A) Serial dilutions of wild-type (PC313), ste7Δ (PC4928), pbs2Δ (PC5035) and ste7Δ pbs2Δ (PC6272) cells were spotted on YEPD and YEP-GAL media. B) Morphology of wild-type cells (PC538), the pbs2Δ mutant (PC2053), the ste7Δ mutant (PC4982), and the ste7Δ pbs2Δ double mutant (PC6272) grown YEP-GAL media for 24 hrs. Bar, 5 microns. C) Septin staining of wild-type and pbs2Δ cells harboring the pCdc12p-GFP plasmid. Cells were grown to mid-log phase in YEPD. D) Mat formation in cells lacking the filamentous growth or HOG pathways. Wild-type (PC538), flo11Δ (PC1029), and pbs2Δ (PC2053) strains were grown in YEPD medium for 16 hrs and then spotted onto low agar (0.3%) YEP-GAL medium for 3 d at 30°C. Bar, 1 cm.

Figure 7. MAPK responses in C. albicans during growth in galactose.

A) Immunoblot analysis of P∼CaHog1p. Wild-type (PC6111) cells were grown in YEPD and YEP-GAL medium (5.5 hrs) and treated with TUN (tunicamycin) (2.5 µg for 3 hrs), MYR (myriocin) (2.5 µg for 3 hrs) and 0.5M NaCl (10 min). B) Phosphorylation of CaHog1p requires the CaIre1p. Wild-type (PC6116), ire1Δ/ire1Δ (PC6144), and ire1Δ/pIRE1 (PC6145) cells were grown in YEPD and YEP-GAL medium (5.5 hrs). C) P∼Cek1p levels in the hog1Δ/hog1Δ mutant at 30°C and 37°C. Wild-type (PC6111) and hog1Δ/hog1Δ (PC5008) cells were grown in YEPD and YEP-GAL medium (5.5 hrs). D) Plate-washing assay of wild-type cells (PC6111) and the hog1Δ/hog1Δ mutant (PC5008) on YEP-GAL medium at 37°C for 48 hrs.

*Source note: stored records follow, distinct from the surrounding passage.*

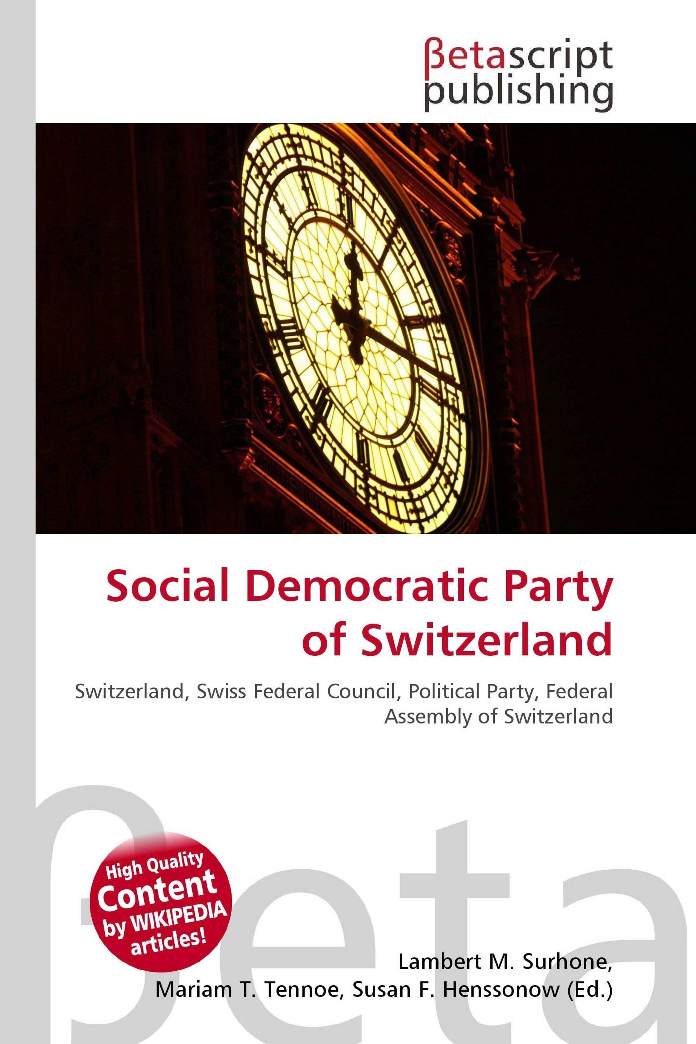 Please note that the content of this book primarily consists of articles available from Wikipedia or other free sources online. The Social Democratic Party of Switzerland (also rendered as Swiss Socialist Party; German: Sozialdemokratische Partei der Schweiz, SP; French: Parti socialiste suisse, PS; Italian: Partito Socialista Svizzero; Romansh: Partida Socialdemocrata de la Svizra) is a political party in Switzerland. It was founded on October 21, 1888, and is currently the second largest of the four leading coalition political parties in Switzerland. It is the left-most party with representatives in the Swiss Federal Council. It is also the second largest political party in the Swiss parliament. The current members in the Swiss Federal Council are: Micheline Calmy-Rey and Moritz Leuenberger.
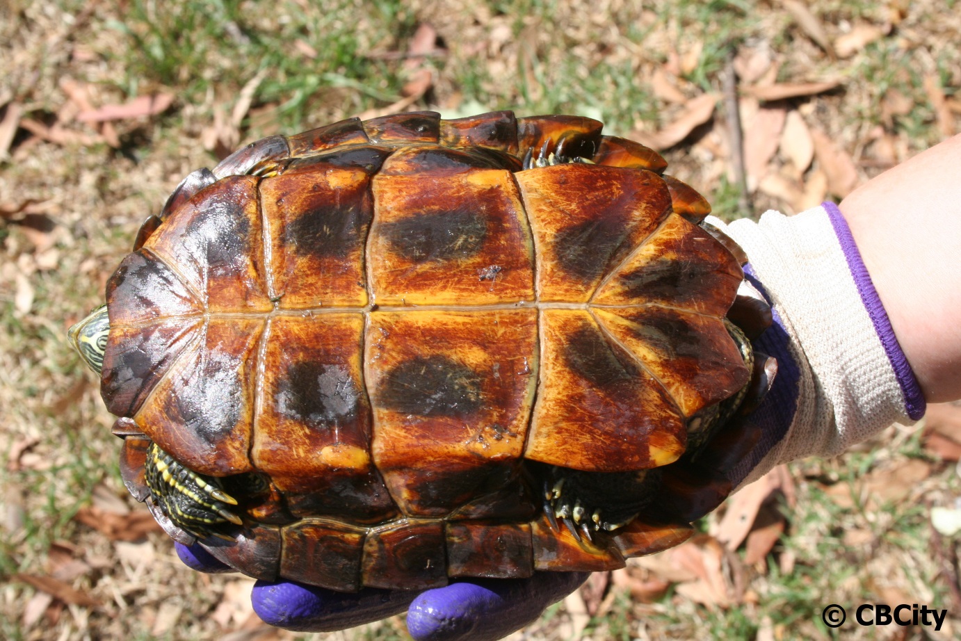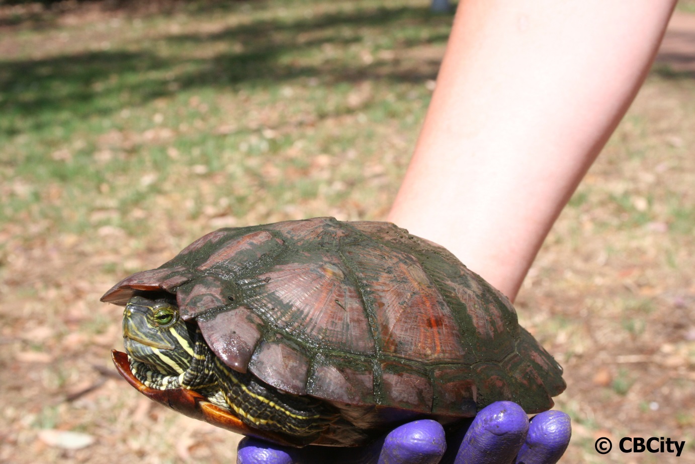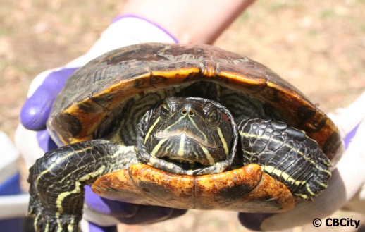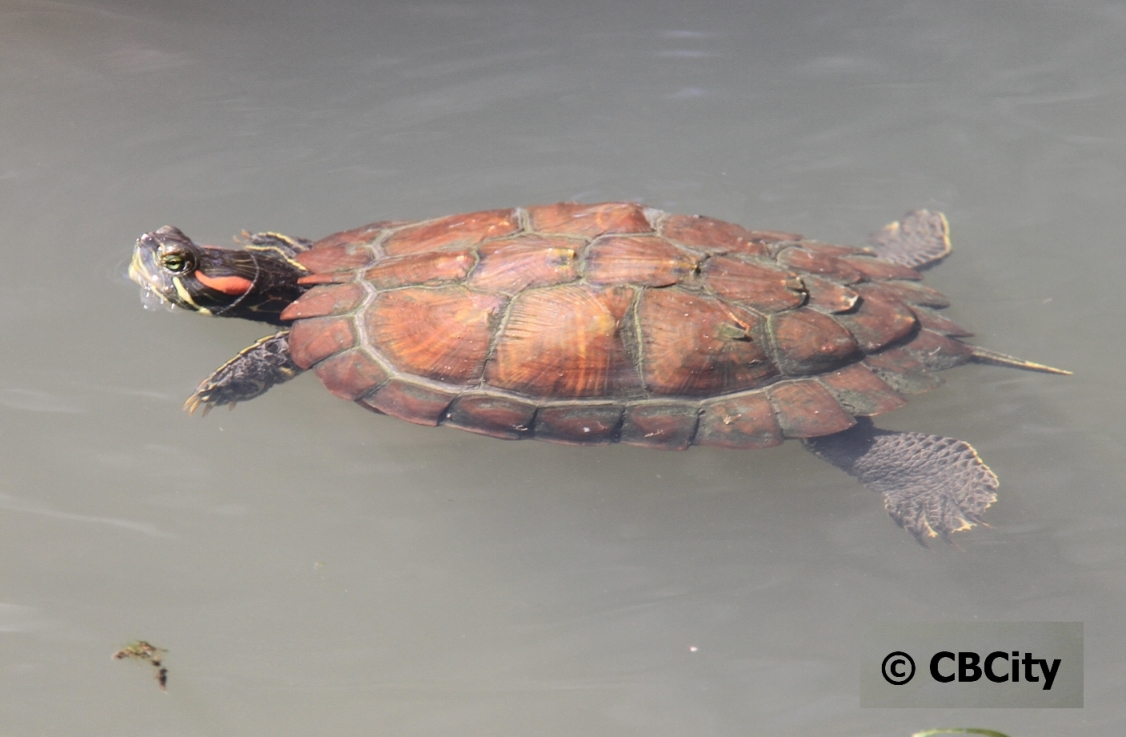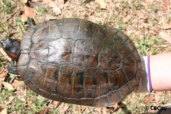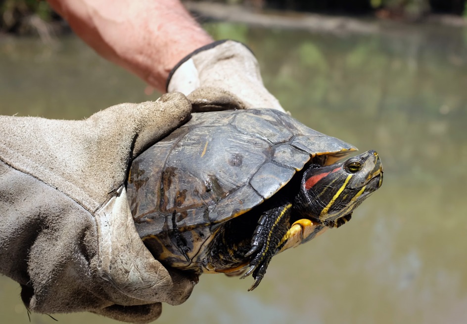 Red-eared slider turtles will retract their head straight back into their shell, while most native species wrap their head around the side of their shell.
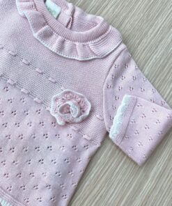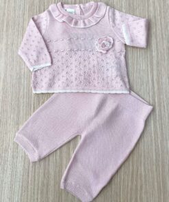 Completo due pezzi in filo di colore rosa con dettagli bianco, applicazione bellissima rosa che lo rende romantico.

The plate was photographed, washed, and photographed again to reveal invaded cells. E) P∼CaHog1p and P∼Cek1p levels in the cek1Δ/cek1Δ mutant at 30°C and 37°C. Wild-type (PC6111) and cek1Δ/cek1Δ (PC6114) cells were grown in YEPD and YEP-GAL medium (5.5 hrs). F) Model showing the roles of the HOG and filamentous growth pathways in the response to growth in galactose. Galactose is transported into cells and metabolized by genes under the control of Snf1p. As a result, metabolic respiration is increased, which by some mechanism (?) induces the UPR. Ire1p mediates activation of the HOG and filamentous growth pathways (Adhikari et al. SUBMITTED). The HOG and filamentous growth pathways induce different target genes to redundantly promote growth under this condition. The antagonistic roles of these pathways on each other's activities optimize the response.